--- ENTRIES SUPPLIED ---

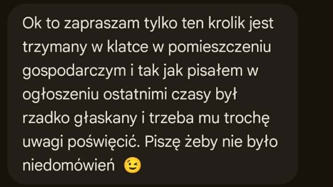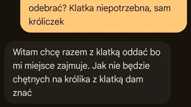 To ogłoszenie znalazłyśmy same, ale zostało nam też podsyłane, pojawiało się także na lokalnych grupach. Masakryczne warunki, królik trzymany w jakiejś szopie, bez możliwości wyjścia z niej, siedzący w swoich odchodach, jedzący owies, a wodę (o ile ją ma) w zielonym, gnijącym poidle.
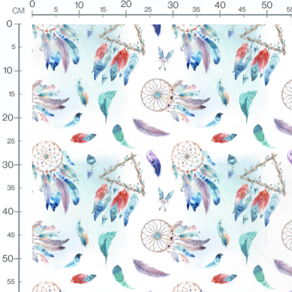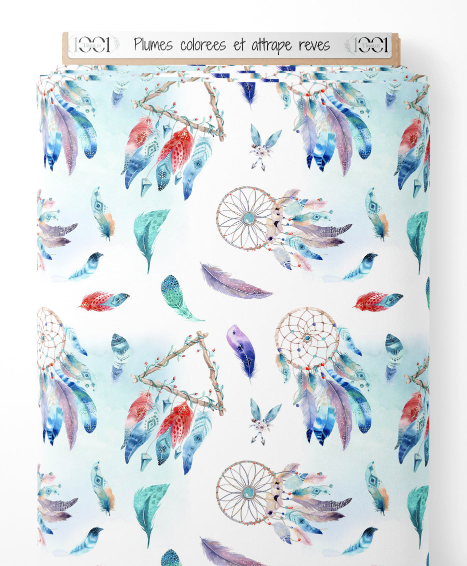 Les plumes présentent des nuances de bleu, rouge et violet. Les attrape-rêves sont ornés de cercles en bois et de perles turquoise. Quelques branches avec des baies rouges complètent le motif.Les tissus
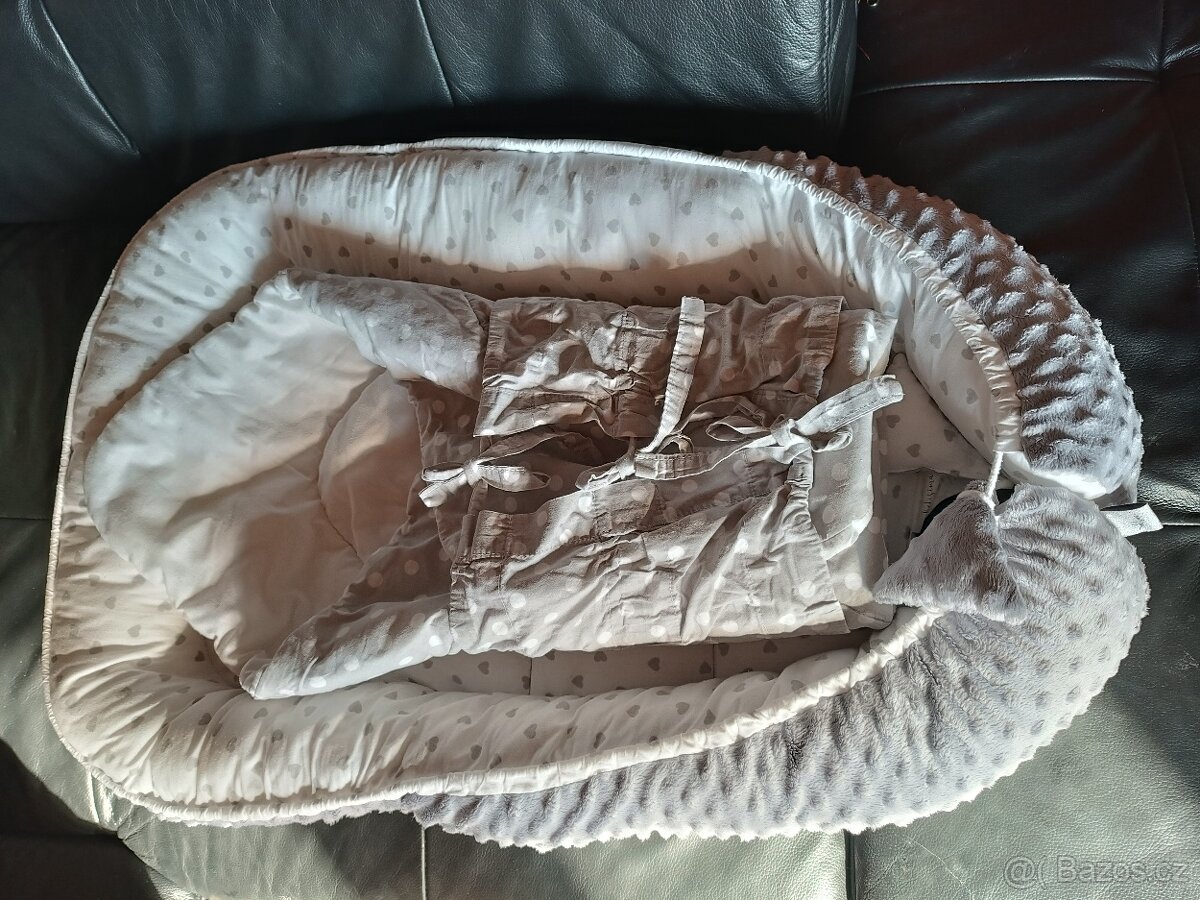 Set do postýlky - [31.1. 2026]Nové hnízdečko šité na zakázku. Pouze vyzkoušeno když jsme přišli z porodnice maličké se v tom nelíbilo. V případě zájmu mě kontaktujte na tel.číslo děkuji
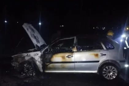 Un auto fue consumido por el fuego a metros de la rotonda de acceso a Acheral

---
--- ENTRIES SUPPLIED ---

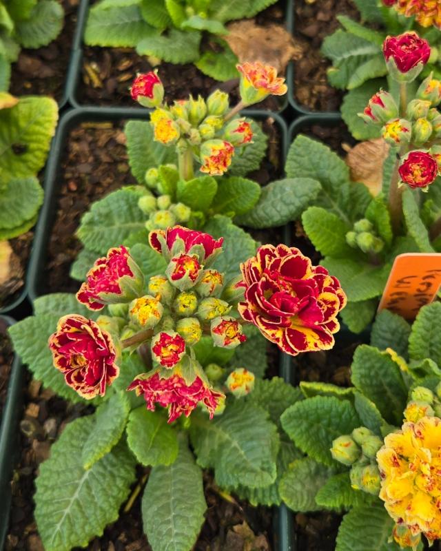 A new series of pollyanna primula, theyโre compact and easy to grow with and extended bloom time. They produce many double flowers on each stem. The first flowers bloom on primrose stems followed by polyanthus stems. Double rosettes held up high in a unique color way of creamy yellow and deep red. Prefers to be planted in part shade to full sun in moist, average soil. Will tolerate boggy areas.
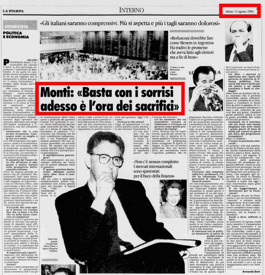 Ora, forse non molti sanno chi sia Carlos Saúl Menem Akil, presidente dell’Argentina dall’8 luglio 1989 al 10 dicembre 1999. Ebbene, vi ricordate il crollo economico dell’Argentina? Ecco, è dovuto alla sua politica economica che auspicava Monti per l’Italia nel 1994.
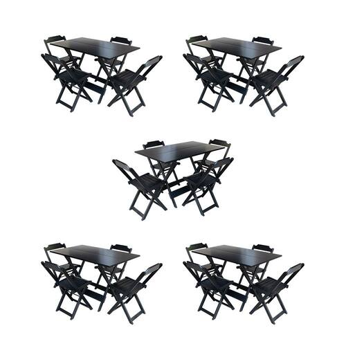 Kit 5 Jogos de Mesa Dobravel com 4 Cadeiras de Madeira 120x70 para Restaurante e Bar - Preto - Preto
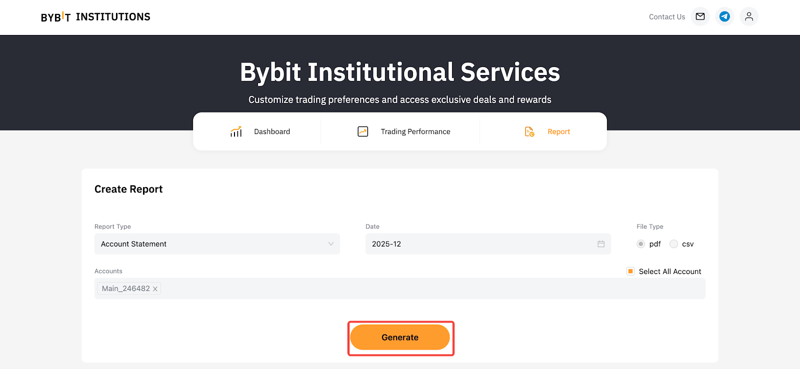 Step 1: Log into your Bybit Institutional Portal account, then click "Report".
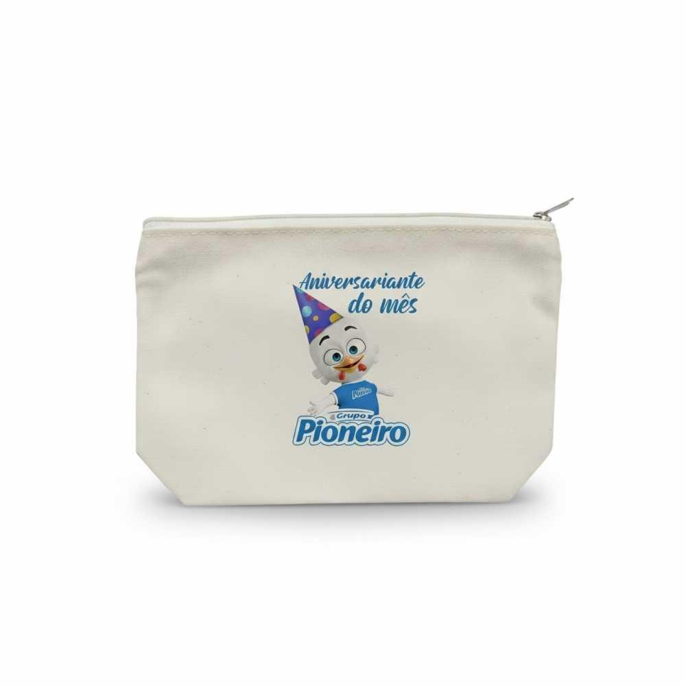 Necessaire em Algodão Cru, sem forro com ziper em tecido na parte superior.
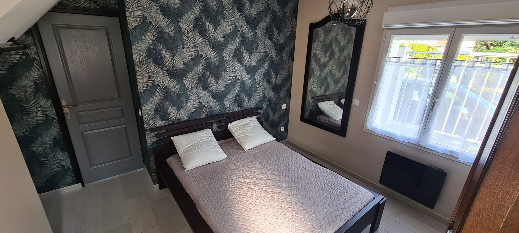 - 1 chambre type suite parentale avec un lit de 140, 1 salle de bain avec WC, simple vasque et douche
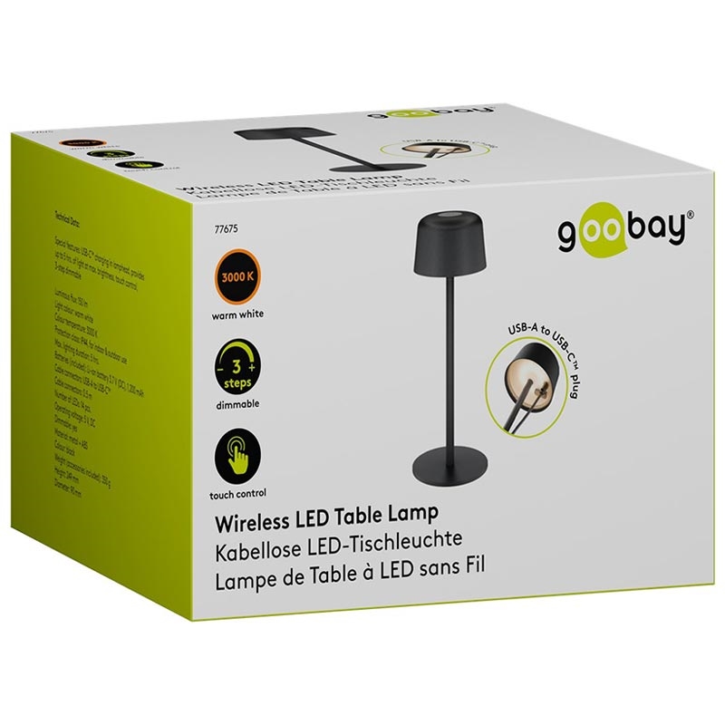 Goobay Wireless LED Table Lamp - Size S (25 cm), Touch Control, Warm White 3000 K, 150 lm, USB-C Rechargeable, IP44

---
--- ENTRIES SUPPLIED ---

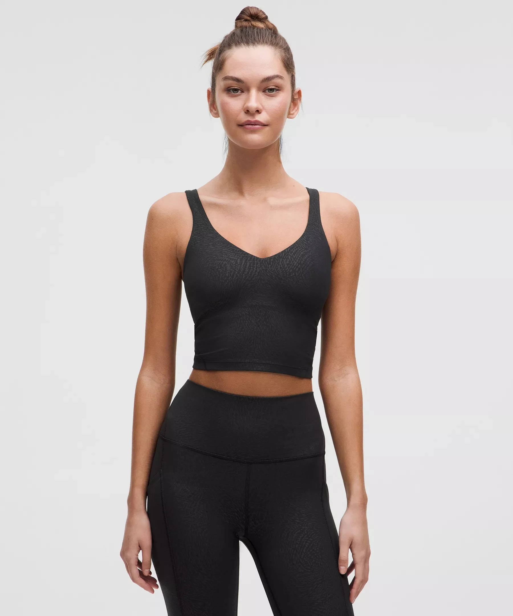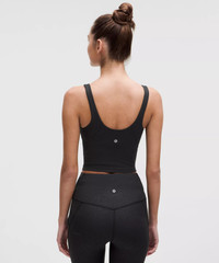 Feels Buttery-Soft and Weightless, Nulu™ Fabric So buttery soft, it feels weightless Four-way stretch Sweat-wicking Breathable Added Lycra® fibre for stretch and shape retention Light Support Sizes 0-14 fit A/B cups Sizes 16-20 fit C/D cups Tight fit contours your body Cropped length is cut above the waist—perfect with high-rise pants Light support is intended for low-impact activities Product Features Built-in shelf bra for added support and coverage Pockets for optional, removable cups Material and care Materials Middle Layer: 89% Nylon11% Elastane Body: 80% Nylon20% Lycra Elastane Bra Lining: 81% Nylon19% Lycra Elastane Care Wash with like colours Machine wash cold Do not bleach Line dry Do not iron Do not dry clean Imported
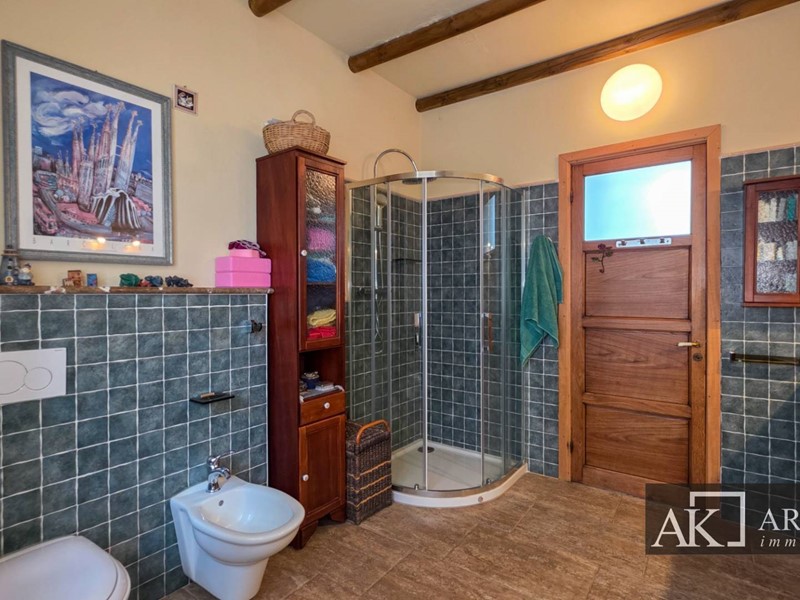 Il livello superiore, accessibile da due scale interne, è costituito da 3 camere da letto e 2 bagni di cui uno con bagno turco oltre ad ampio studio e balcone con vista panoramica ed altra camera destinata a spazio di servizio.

---

In the listing above, find the line with "- 1 chambre" and output every line through the one with "Goobay Wireless LED", exactly, without the pictures.

• **EXERCISE ANSWER**
 - 1 chambre type suite parentale avec un lit de 140, 1 salle de bain avec WC, simple vasque et douche
 Goobay Wireless LED Table Lamp - Size S (25 cm), Touch Control, Warm White 3000 K, 150 lm, USB-C Rechargeable, IP44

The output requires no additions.